Since our inception, Antero’s compensation philosophy has been predominantly focused on recruiting and retaining individuals who are motivated to help us achieve superior performance and growth. We seek to attract and retain exceptional talent by providing our executives with a competitive mix of fixed, time-based and performance-based compensation. Our performance-based compensation program focuses on motivating returns and value creation for our shareholders. We believe our compensation philosophy and practices for 2022 promoted a strong alignment between Named Executive Officer pay and Company performance, including a correction to a misalignment between pay and performance from the previous three-year period.
In addition to the 2022 compensation program providing incentives that promote performance, the 2022 compensation for our Named Executive Officers helped to correct a misalignment between pay and performance for 2020, 2021, and 2022. In October of 2022, Antero’s Compensation Committee, with assistance from its independent compensation consultant and management, reviewed (i) Antero’s total shareholder return for 2020 and 2021 and (ii) total compensation paid to Antero’s Chief Executive Officer for each of 2020, 2021 and 2022 (the last of which was based on projected cash compensation and April equity grants at the time of review by the committee). Antero’s Compensation Committee then compared those figures to the median of the same data points for the Company’s peer group included in the 2023 proxy statement (the “Peer Group”). As can be seen below, there was a concerning discrepancy between Antero’s exceptional performance and the below median compensation received by its Chief Executive Officer over the same period.
Peer Group median figures included in the above table were derived from total compensation figures reported in the summary compensation table for proxy statements filed in each of 2021, 2022 and 2023 reporting compensation in each of 2020, 2021 and 2022. Data reviewed by Antero’s Compensation Committee in October of 2022 included estimated values for 2022 compensation since that information was not available at the time. The total compensation for Antero’s CEO included in the table above does not include equity grants awarded in October of 2022 in order to illustrate the discrepancy in pay that motivated Antero’s Compensation Committee to grant special awards in October. The relationship between the compensation for our other Named Executive Officers and the other Named Executive Officers of the Peer Group is directionally the same as the
relationship between the compensation for our Chief Executive Officer and the Chief Executive Officers of the other members of the Peer Group.
After reviewing this data in October of 2022, the compensation committee granted additional long-term incentive awards to the Named Executive Officers as a correction of a misalignment between pay and performance (the “October Awards”). The Company reduced long term debt by nearly $2.6 billion from December 31, 2019 to December 31, 2022. This is a key factor affecting Company financial stability and Antero’s Compensation Committee considered this in their decision as well. Half of the October Awards were granted as restricted stock units, which will vest on the first three anniversaries of October 15, 2022. The other half of the October Awards were granted as performance share units, 50% of which vest based on absolute TSR and 50% of which vest based on the ratio of Net Debt to EBITDAX.

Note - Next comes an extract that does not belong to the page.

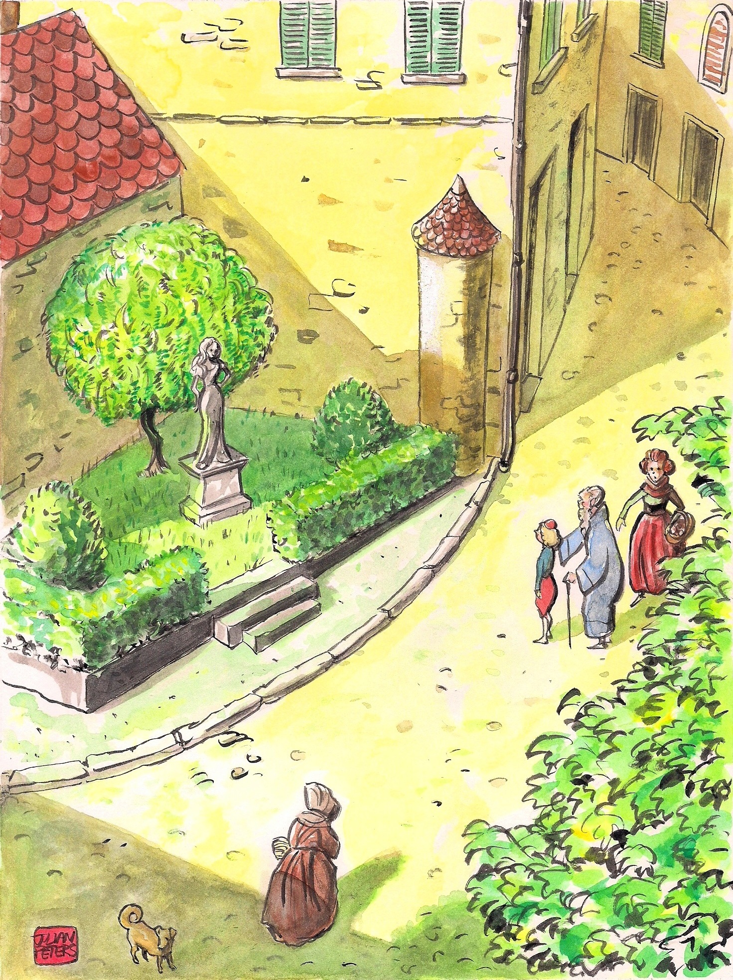 It is not uncommon in the older neighbourhoods of Sensuka to come across a narimoa, a monument to a local beauty. The majority of these statues were created around a century and a half ago, when the Emperor Bulodi III decreed the formation of neighbourhood councils to oversee the day-to-day affairs of the city’s various subdivisions. This development led to a renewed sense of neighbourhood pride, which in turn led to the widespread desire in each district to erect civic monuments that would testify to this sense of local belonging. The content of these monuments was left to the district councils, which were naturally composed mainly of old men. It was therefore inevitable that one of the local deliberations on this matter should conclude with the misty-eyed recollection of a particular local beauty who had driven the council members to distraction during their youth. Thus it was decided to erect a statue representing this girl, who had died or moved away long ago, as a kind of embodiment of everything the men held dear about their small corner of the city. This charming idea could not fail to catch on, and soon almost all of the local districts had their own narimoa (“local love”), as these statues came to be called, immortalizing their own fondly-remembered enchantresses. These narimoa, the products of a peaceful and generally happy –if at times somewhat melancholy- era, went out of fashion following the Seventeen Years War, after which time commemorative monuments to slaughtered young men became the preferred signifiers of local community spirit.
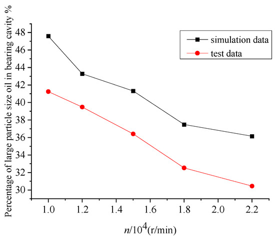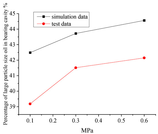 Figure 15 shows the size change of large-particle oil in the bearing cavity under test conditions when the bearing speed is 2.2 × 104 r/min. It can be seen from the figure that under the same injection pressure, the proportion of large-particle oil in the bearing cavity obtained from the simulated data is slightly higher than that from the experimental data. With the increase in injection pressure, the proportion of large-particle oil in the rolling bearing chamber increases non-linearly; however, with the continuous increase in injection pressure, the proportion of large-particle oil in the bearing chamber increases slightly. However, the value of the simulated data is slightly higher than that of the experimental data. The reasons are the same as above, so it will not be described too much.

As illustrated below, after incorporating the October 2022 grant, the total target compensation for Antero’s Chief Executive Officer was still below the peer median over the three-year period, despite Antero substantially outperforming its peers over this time period.
As evidenced above, Antero believes that its 2022 Named Executive Officer compensation appropriately corrects a misalignment created by paying lower levels of compensation to our Named Executive Officers while substantially outperforming our Peer group over a three-year period and incentivizes management to continue to pursue outstanding performance and create value for all stockholders.
Ultimately, we believe that the compensation decisions made in 2022 achieve our goal of maintaining our pay-for-performance culture and positioning our compensation plans to support our business strategy over the long-term. We believe the Company’s financial performance reflects the effectiveness of our compensation program.
For the foregoing reasons, and for the reasons set forth in the 2023 Proxy Statement, we urge you to vote “FOR” the Say on Pay proposal (Proposal 3).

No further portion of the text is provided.